**Task details**.
Take the lines below from the one with "1.5m 호스 + 베이스" through the one with "The room has" and retype them exactly. Include nothing else, and no pictures.

── Task inputs ──

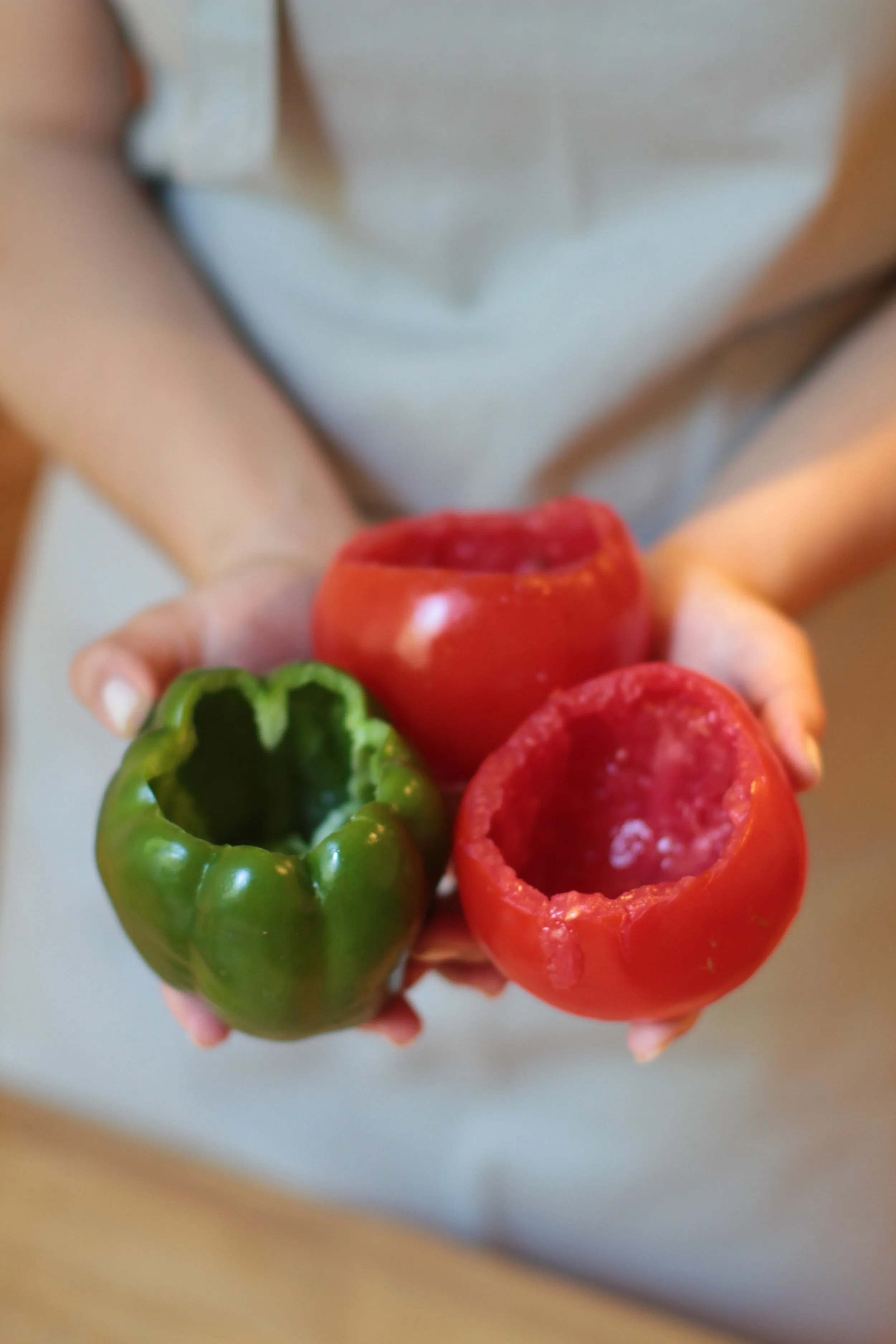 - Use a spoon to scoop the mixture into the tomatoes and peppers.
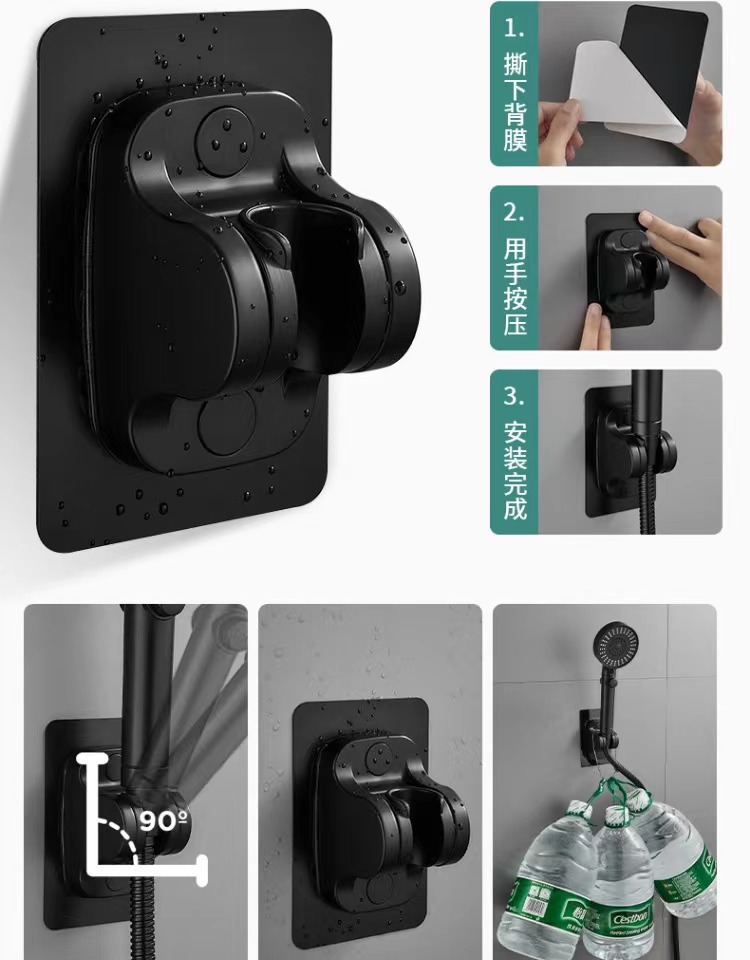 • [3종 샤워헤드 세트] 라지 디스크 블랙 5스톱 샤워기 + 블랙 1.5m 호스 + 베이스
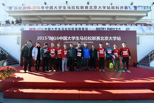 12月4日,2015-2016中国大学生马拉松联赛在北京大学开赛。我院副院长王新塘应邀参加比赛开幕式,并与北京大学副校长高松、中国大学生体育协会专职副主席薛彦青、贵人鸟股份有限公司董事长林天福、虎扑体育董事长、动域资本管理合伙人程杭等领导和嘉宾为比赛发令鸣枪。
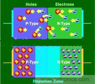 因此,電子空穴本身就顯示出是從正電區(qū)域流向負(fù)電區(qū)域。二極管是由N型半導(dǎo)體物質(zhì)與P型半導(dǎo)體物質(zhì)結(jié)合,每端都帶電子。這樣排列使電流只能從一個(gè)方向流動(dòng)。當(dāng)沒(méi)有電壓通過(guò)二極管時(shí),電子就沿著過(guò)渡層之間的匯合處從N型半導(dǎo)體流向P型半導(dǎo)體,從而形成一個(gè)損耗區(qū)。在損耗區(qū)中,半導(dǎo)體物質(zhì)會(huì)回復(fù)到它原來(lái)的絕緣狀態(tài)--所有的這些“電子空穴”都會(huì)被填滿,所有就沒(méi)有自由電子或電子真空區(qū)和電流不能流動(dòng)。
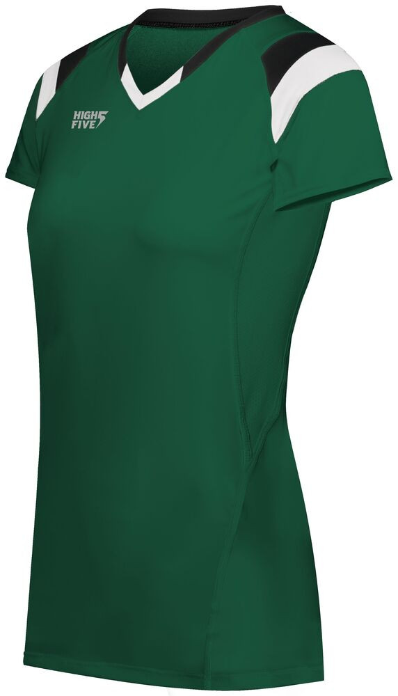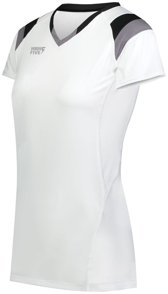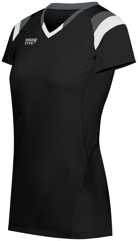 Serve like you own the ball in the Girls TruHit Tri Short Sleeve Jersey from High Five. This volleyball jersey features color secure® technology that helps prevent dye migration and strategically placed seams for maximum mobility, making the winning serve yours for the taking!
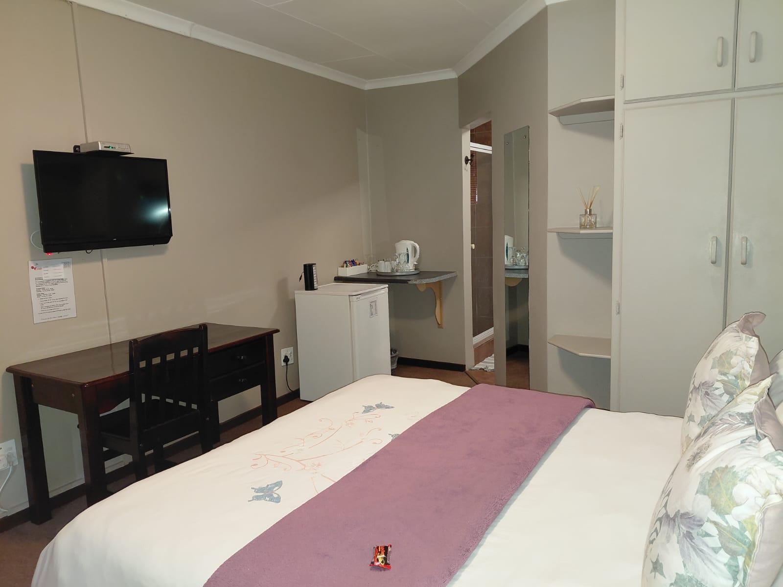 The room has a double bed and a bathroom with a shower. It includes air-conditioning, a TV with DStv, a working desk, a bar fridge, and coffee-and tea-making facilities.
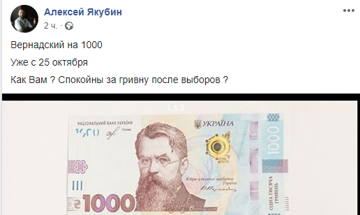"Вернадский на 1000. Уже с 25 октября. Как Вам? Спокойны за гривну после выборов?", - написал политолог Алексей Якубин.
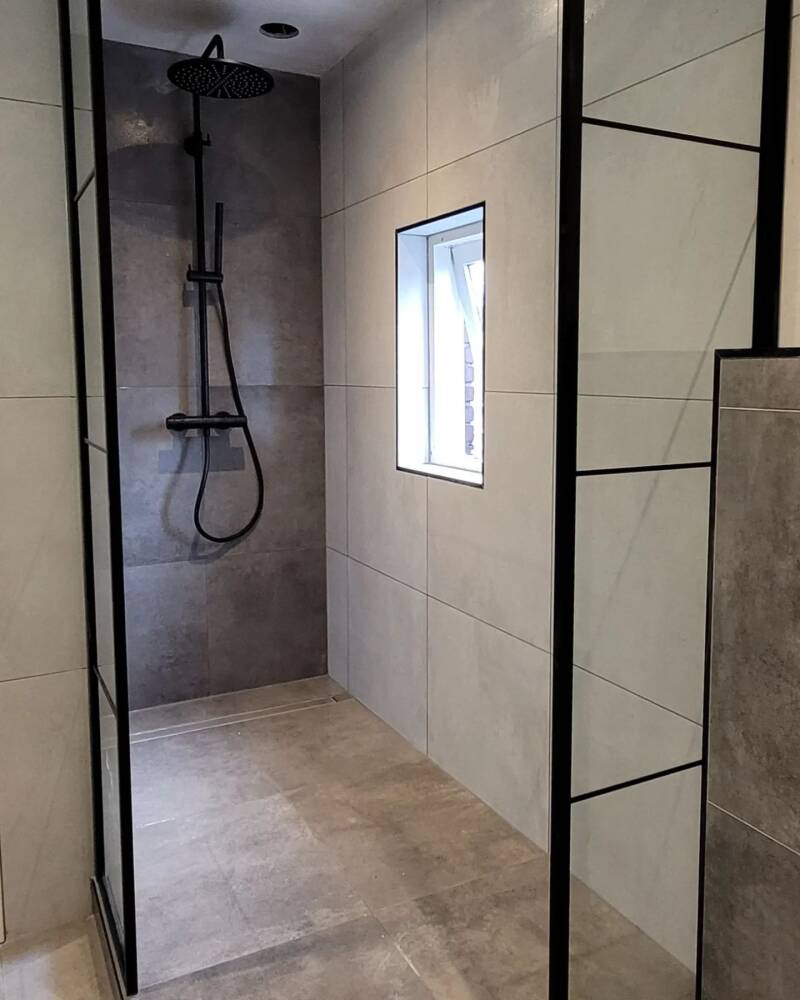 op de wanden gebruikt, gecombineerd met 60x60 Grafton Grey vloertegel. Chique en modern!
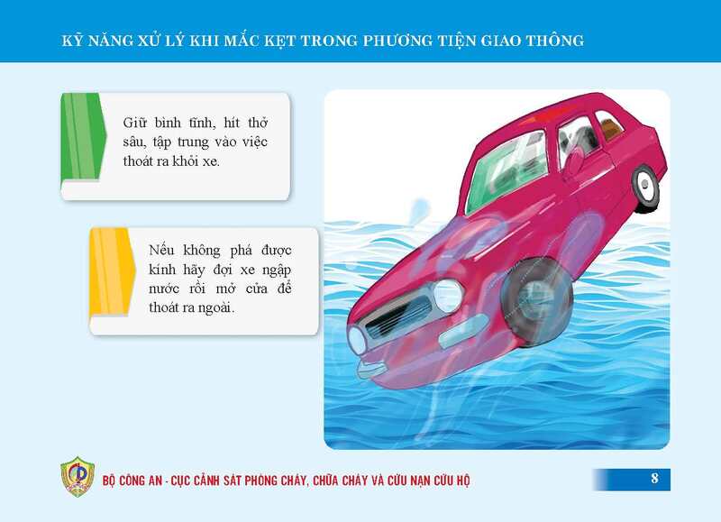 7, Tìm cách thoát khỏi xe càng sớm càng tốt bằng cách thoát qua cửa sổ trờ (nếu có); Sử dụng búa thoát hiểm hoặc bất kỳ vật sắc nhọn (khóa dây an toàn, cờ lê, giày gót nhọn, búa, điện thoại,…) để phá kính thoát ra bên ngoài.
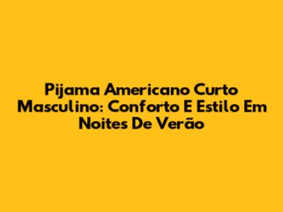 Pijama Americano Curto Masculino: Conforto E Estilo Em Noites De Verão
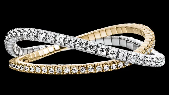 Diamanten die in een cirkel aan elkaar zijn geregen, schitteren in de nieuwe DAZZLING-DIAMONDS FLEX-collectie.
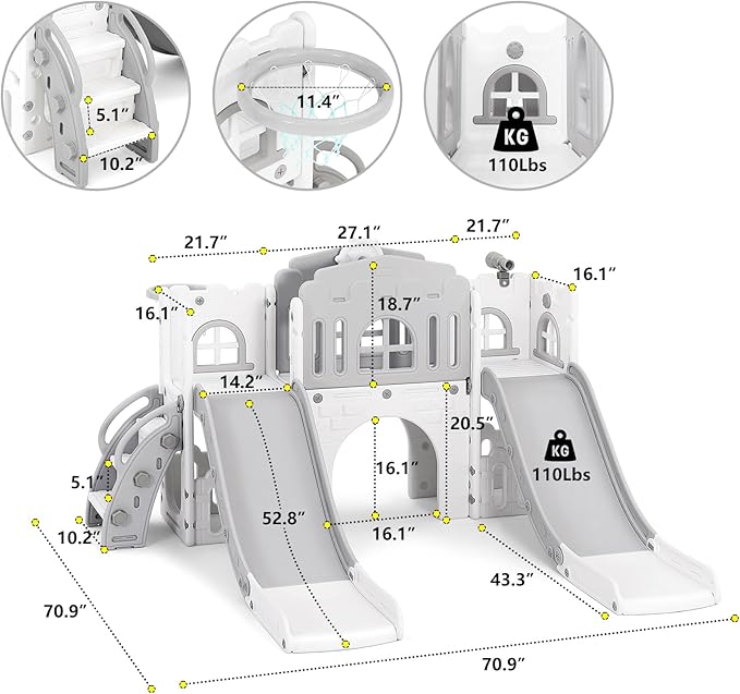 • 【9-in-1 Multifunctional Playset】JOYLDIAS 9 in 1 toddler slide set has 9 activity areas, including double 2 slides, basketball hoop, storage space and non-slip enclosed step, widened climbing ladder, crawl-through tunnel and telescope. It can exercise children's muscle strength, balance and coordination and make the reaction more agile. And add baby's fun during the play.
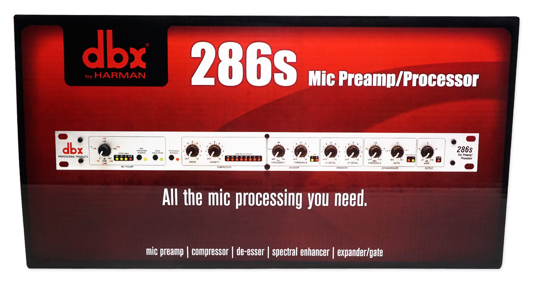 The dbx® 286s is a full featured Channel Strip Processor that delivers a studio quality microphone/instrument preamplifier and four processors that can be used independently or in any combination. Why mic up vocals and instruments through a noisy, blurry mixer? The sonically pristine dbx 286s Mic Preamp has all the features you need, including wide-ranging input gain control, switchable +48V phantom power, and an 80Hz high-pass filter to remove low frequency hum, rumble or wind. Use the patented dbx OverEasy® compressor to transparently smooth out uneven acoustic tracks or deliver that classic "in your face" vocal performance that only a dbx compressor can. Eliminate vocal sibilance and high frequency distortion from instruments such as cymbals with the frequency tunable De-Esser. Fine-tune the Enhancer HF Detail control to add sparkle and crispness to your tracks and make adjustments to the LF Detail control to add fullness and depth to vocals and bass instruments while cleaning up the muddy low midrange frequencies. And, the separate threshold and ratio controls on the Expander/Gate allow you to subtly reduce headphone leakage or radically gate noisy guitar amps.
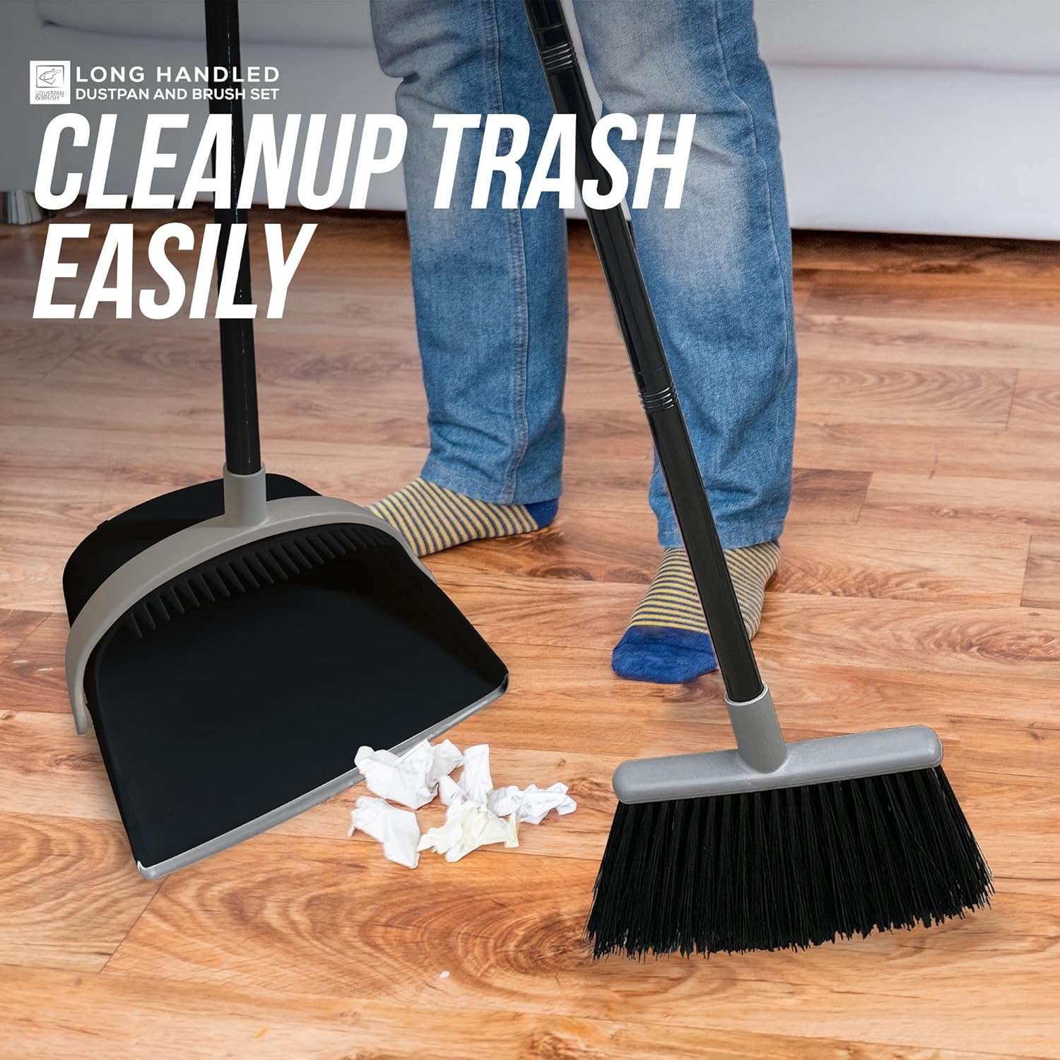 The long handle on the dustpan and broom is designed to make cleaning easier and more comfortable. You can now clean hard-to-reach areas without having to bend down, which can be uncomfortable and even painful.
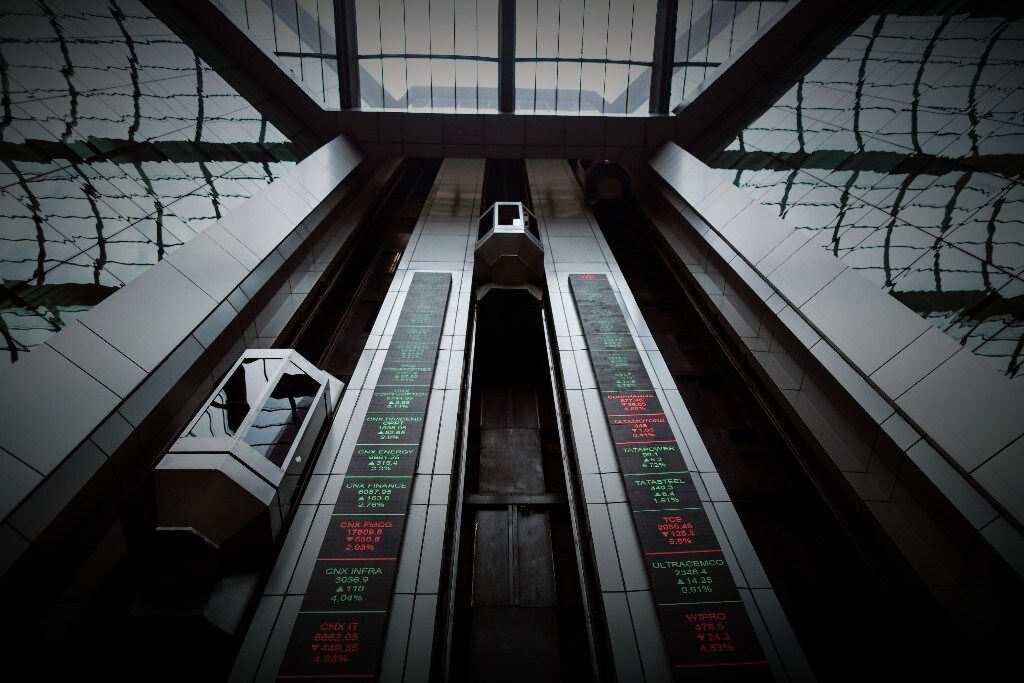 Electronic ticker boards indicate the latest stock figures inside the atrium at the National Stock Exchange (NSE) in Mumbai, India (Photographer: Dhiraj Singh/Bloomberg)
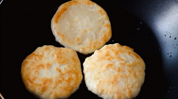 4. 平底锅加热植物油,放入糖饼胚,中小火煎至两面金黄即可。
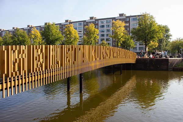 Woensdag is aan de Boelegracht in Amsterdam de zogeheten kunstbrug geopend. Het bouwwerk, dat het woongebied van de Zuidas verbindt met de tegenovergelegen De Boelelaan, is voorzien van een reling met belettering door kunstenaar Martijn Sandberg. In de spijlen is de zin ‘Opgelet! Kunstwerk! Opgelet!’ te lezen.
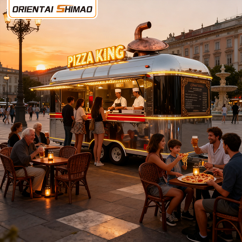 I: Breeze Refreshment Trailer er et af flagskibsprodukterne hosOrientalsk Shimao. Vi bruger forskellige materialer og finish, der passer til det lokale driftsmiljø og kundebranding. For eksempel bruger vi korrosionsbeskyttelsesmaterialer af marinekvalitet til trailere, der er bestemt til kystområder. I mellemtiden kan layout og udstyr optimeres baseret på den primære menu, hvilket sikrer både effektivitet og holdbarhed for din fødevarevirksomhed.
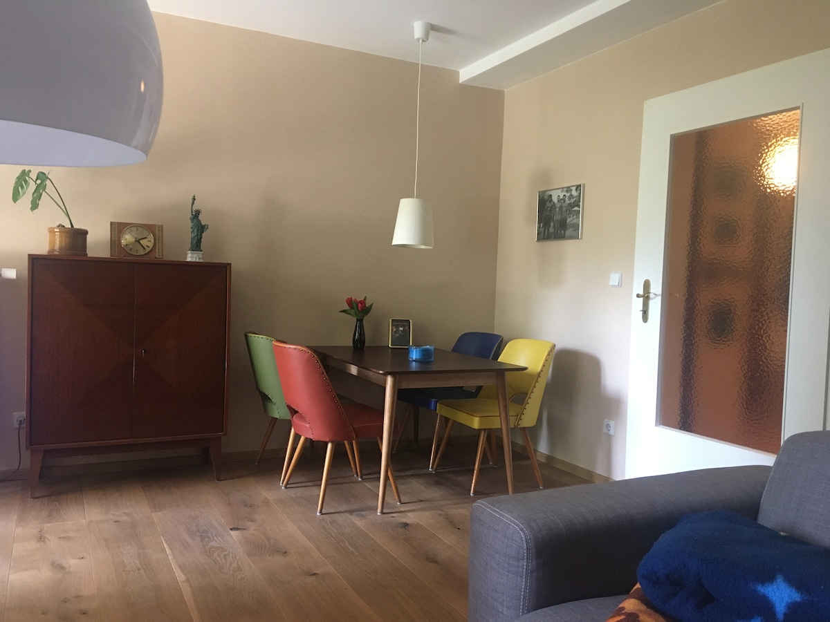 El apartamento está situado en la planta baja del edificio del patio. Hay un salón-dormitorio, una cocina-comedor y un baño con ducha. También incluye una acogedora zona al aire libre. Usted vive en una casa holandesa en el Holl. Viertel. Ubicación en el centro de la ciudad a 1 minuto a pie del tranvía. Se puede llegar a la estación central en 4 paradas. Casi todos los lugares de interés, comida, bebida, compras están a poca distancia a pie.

───

**Output of the exercise**.
 • [3종 샤워헤드 세트] 라지 디스크 블랙 5스톱 샤워기 + 블랙 1.5m 호스 + 베이스
 12月4日,2015-2016中国大学生马拉松联赛在北京大学开赛。我院副院长王新塘应邀参加比赛开幕式,并与北京大学副校长高松、中国大学生体育协会专职副主席薛彦青、贵人鸟股份有限公司董事长林天福、虎扑体育董事长、动域资本管理合伙人程杭等领导和嘉宾为比赛发令鸣枪。
 因此,電子空穴本身就顯示出是從正電區(qū)域流向負(fù)電區(qū)域。二極管是由N型半導(dǎo)體物質(zhì)與P型半導(dǎo)體物質(zhì)結(jié)合,每端都帶電子。這樣排列使電流只能從一個(gè)方向流動(dòng)。當(dāng)沒(méi)有電壓通過(guò)二極管時(shí),電子就沿著過(guò)渡層之間的匯合處從N型半導(dǎo)體流向P型半導(dǎo)體,從而形成一個(gè)損耗區(qū)。在損耗區(qū)中,半導(dǎo)體物質(zhì)會(huì)回復(fù)到它原來(lái)的絕緣狀態(tài)--所有的這些“電子空穴”都會(huì)被填滿,所有就沒(méi)有自由電子或電子真空區(qū)和電流不能流動(dòng)。
 Serve like you own the ball in the Girls TruHit Tri Short Sleeve Jersey from High Five. This volleyball jersey features color secure® technology that helps prevent dye migration and strategically placed seams for maximum mobility, making the winning serve yours for the taking!
 The room has a double bed and a bathroom with a shower. It includes air-conditioning, a TV with DStv, a working desk, a bar fridge, and coffee-and tea-making facilities.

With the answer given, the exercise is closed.